**WHAT TO WORK ON**
In the material below, please retype the lines from the very first through the one with "Appendix Table A3.", exactly and without pictures.

**RECORDS SUPPLIED**
::::
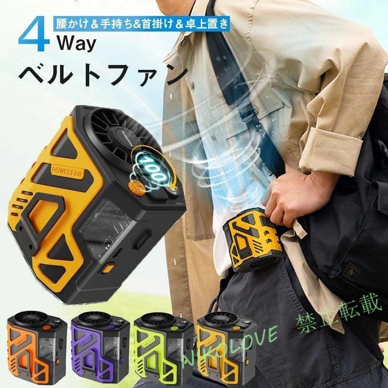 - 腰掛け 扇風機小型 首かけ 首掛け扇風機 3WAY 羽なし ベルトファン 最大20時間送風 大容 6000mAh 携帯 手持ち 卓上 USB充電式オレンジ
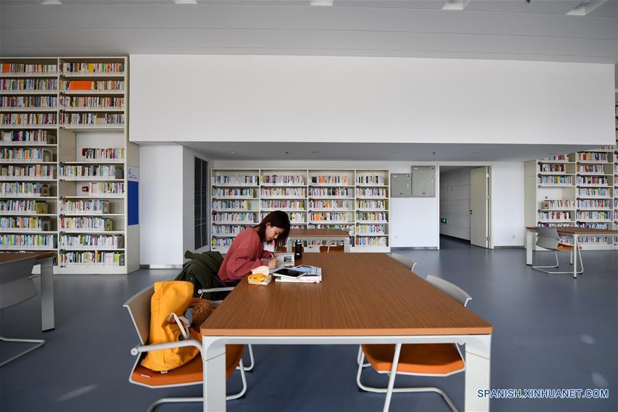 TIANJIN, diciembre 27, 2018 (Xinhua) -- Una mujer lee en la Librería de la Nueva Area de Binhai en Tianjin, en la Nueva Area de Binhai de la municipalidad de Tianjin, en el norte de China, el 27 de diciembre de 2018. La librería ha atraído a más de 2.8 millones de visitantes desde su apertura el 1 de octubre de 2017. (Xinhua/Li Ran)
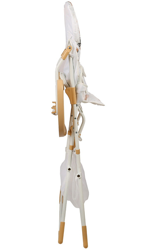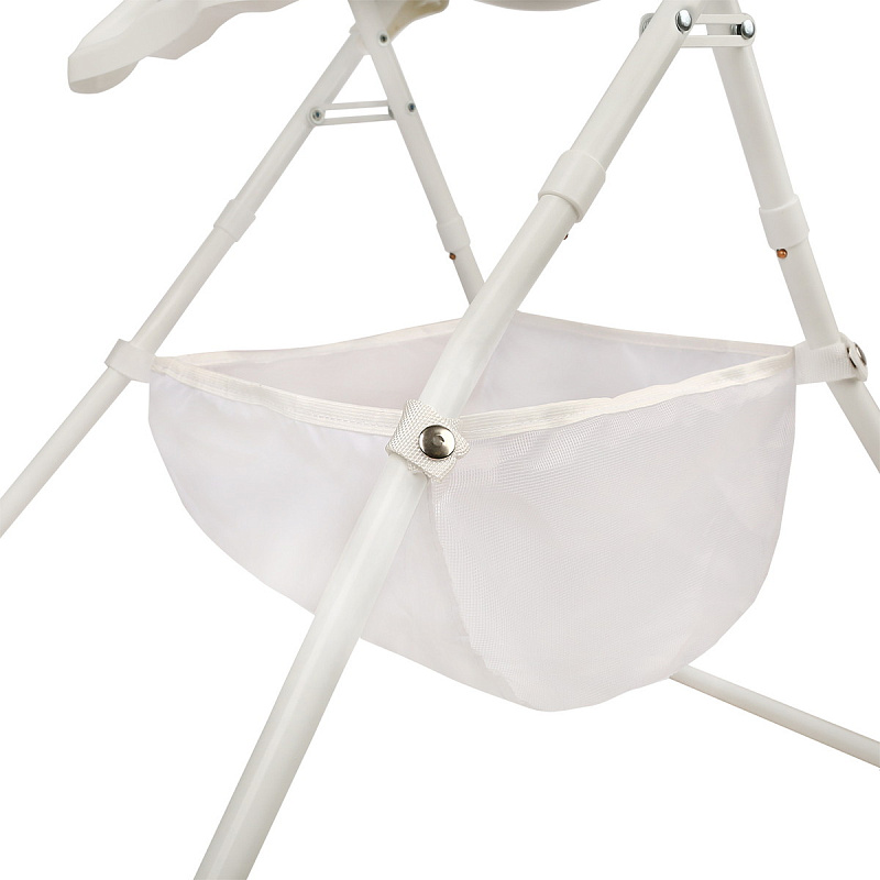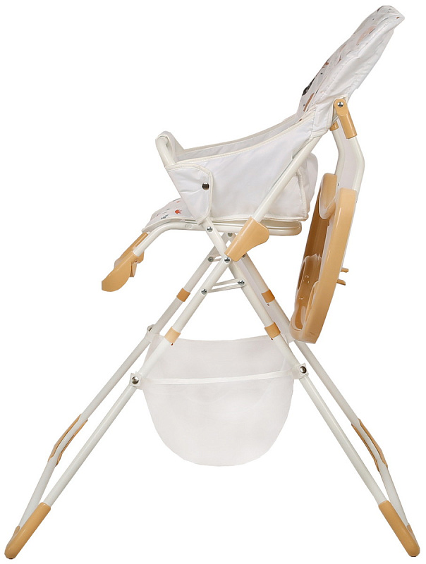 Большая гладкая столешница с двумя углублениями для стаканов и бортиком защитит пол от крошек и капель. Чтобы удобнее кормить малыша с ложечки или ближе придвинуть к общему столу, достаточно откинуть столик назад.
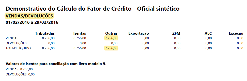 Valor de Outras Saídas é apresentado no quadro de Vendas/Devoluções para ser utilizado no cálculo do fator.
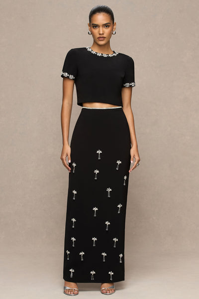 Verleihe deinem Occasion-Look ein Update mit Salma. Aus unserem hochwertigen schwarzen Krepp gefertigt, besticht dieses Cropped-Top durch eine elegante, figurbetonte Passform. Ausschnitt und kurze Ärmel sind mit feinen Verzierungen geschmückt und sorgen für einen Hauch Glamour. In Kombination mit unserem Aven Rock entsteht ein atemberaubender, perfekt abgestimmter Look.
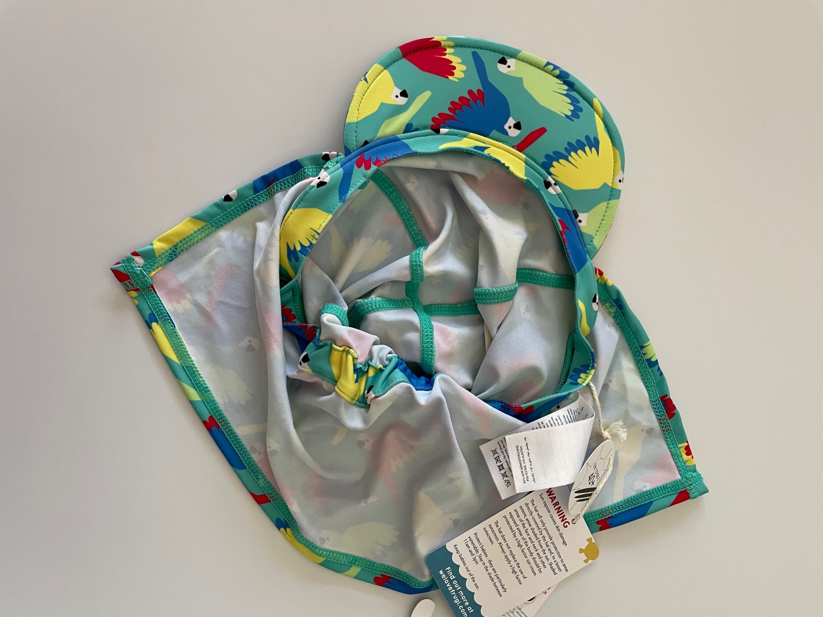 Krásna, veľmi kvalitná, posúvam novú, nenosenú, vysoko účinná ochrana pred slnečným žiarením, UV 40+, uvedená veľkosť 2-4 roky, je dosť veľká , uvedená 52 cm vďaka gumičkám má voľu do 54 cm bez tlačenia
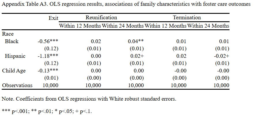 Appendix Table A3. OLS regression results, associations of family characteristics with foster care outcomes
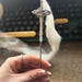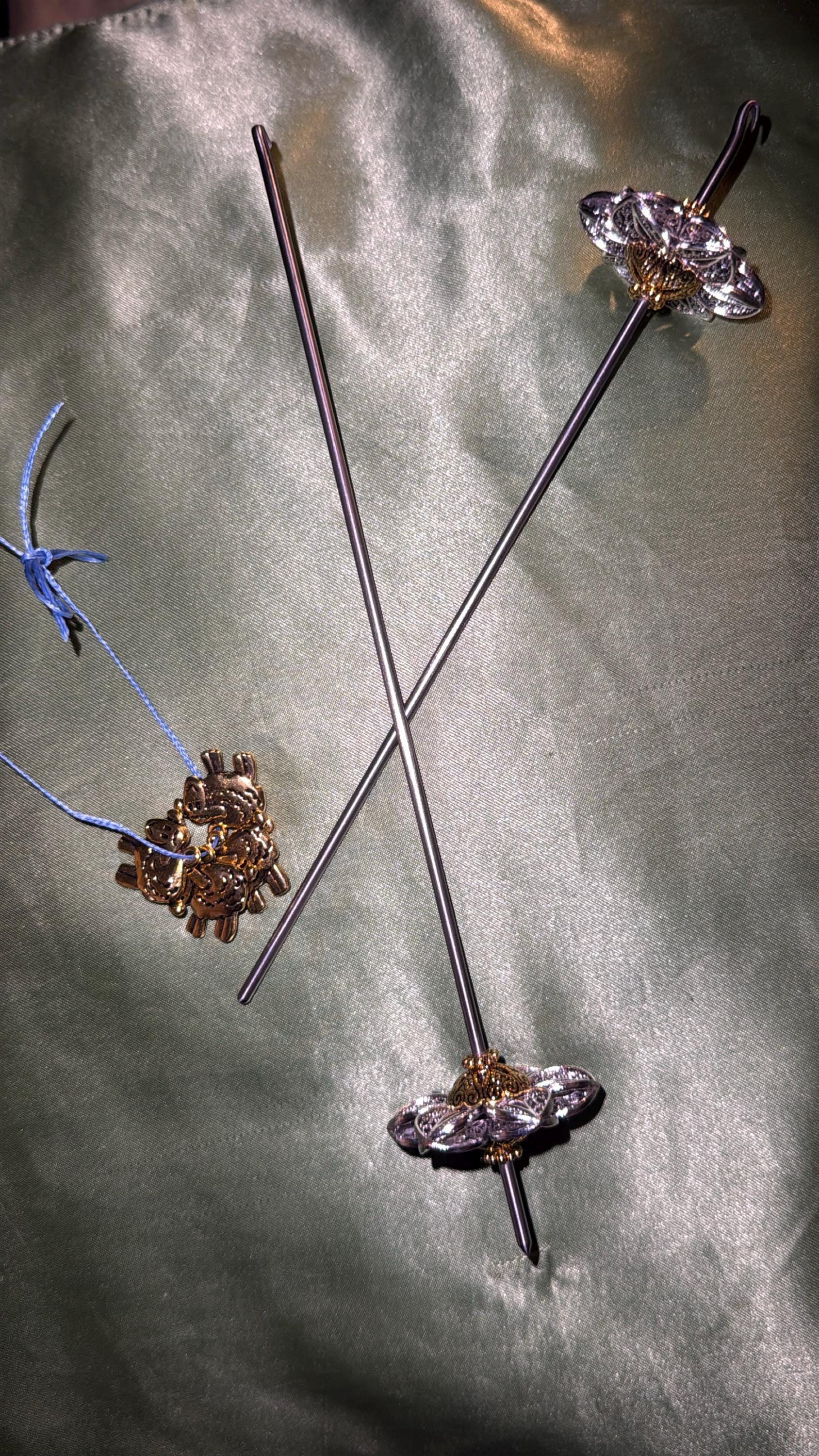 This is my version of a basic Drop Spindle - but with a bit of added flair. The whorl is made from two silver plated metal/alloy floral filigree pendants that have been specially prepared to be used as a whorl, which is adorned (top and bottom sides) with two silver or gold plated alloy bead caps and color matched findings. The shaft is hand-made from a RAW/UN-COATED high-carbon spring steel with a heat forged hook . All parts are mounted with industrial 2-part epoxy and all edges/joints have been meticulously epoxy glued to assure your fiber will not get caught in the jewelry pieces. It is my lightest weight drop spindle and has a very well balanced and fast spin, which is perfect for spinning short and fine long staple fiber..
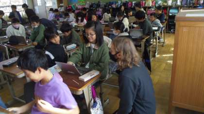 今日はALTの先生が一緒でしたのでALTの先生とペアを作って伝え合っている人もいました。
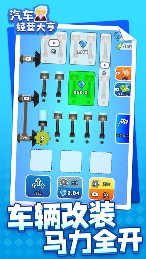 《汽车经营大亨》是一款极为精彩的汽车销售模拟经营游戏。游戏运用清新舒适的卡通画风进行设计,玩家要经营自己的汽车厂和店铺来推动发展。仅通过简单的规划安排,就能持续推进整体建设。每天都会有大量订单任务和客户纷至沓来,玩家需按相应要求制造不同汽车并点击出售,如此既能大幅提升发展效率,节省时间精力,还能逐步解锁独特的改装任务。对工厂和店铺要谨慎管理以推进发展,依据基本发展需求与条件制定不同策略方案,维持日常运营与基本收益,完成各方面建设,充分利用资金财富实现各方面扩张,趣味性满满。
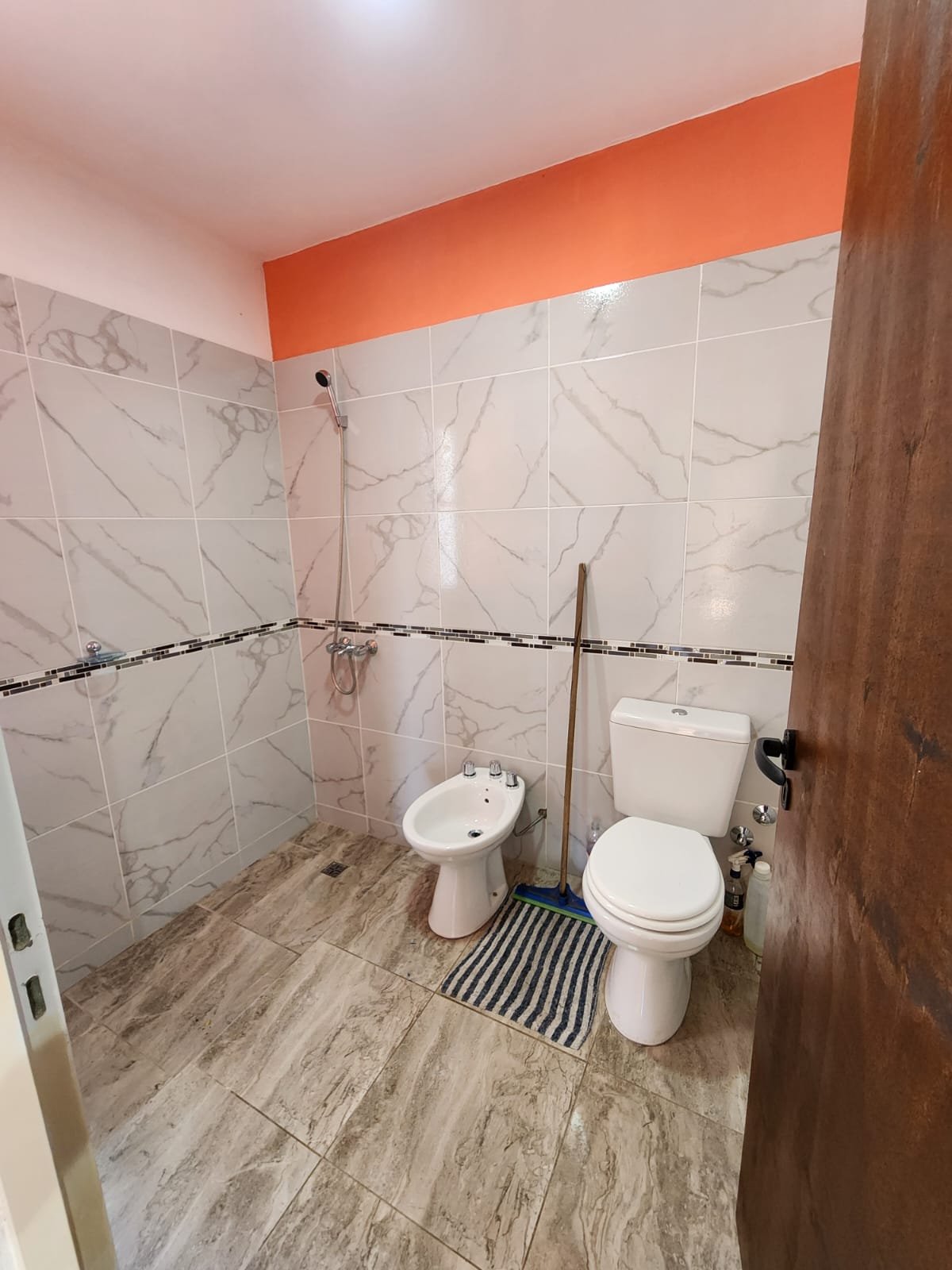 1 Ante baño más Baño completo con todos sus accesorios. El Ante baño tiene espejo, vanitory con pileta para lavarse las manos de cerámica, base y estantes de madera. Baño con inodoro, bidet, ducha y la pared revestida con cerámicos.
::::
**OUTPUT FOR THIS EXERCISE**
 - 腰掛け 扇風機小型 首かけ 首掛け扇風機 3WAY 羽なし ベルトファン 最大20時間送風 大容 6000mAh 携帯 手持ち 卓上 USB充電式オレンジ
 TIANJIN, diciembre 27, 2018 (Xinhua) -- Una mujer lee en la Librería de la Nueva Area de Binhai en Tianjin, en la Nueva Area de Binhai de la municipalidad de Tianjin, en el norte de China, el 27 de diciembre de 2018. La librería ha atraído a más de 2.8 millones de visitantes desde su apertura el 1 de octubre de 2017. (Xinhua/Li Ran)
 Большая гладкая столешница с двумя углублениями для стаканов и бортиком защитит пол от крошек и капель. Чтобы удобнее кормить малыша с ложечки или ближе придвинуть к общему столу, достаточно откинуть столик назад.
 Valor de Outras Saídas é apresentado no quadro de Vendas/Devoluções para ser utilizado no cálculo do fator.
 Verleihe deinem Occasion-Look ein Update mit Salma. Aus unserem hochwertigen schwarzen Krepp gefertigt, besticht dieses Cropped-Top durch eine elegante, figurbetonte Passform. Ausschnitt und kurze Ärmel sind mit feinen Verzierungen geschmückt und sorgen für einen Hauch Glamour. In Kombination mit unserem Aven Rock entsteht ein atemberaubender, perfekt abgestimmter Look.
 Krásna, veľmi kvalitná, posúvam novú, nenosenú, vysoko účinná ochrana pred slnečným žiarením, UV 40+, uvedená veľkosť 2-4 roky, je dosť veľká , uvedená 52 cm vďaka gumičkám má voľu do 54 cm bez tlačenia
 Appendix Table A3. OLS regression results, associations of family characteristics with foster care outcomes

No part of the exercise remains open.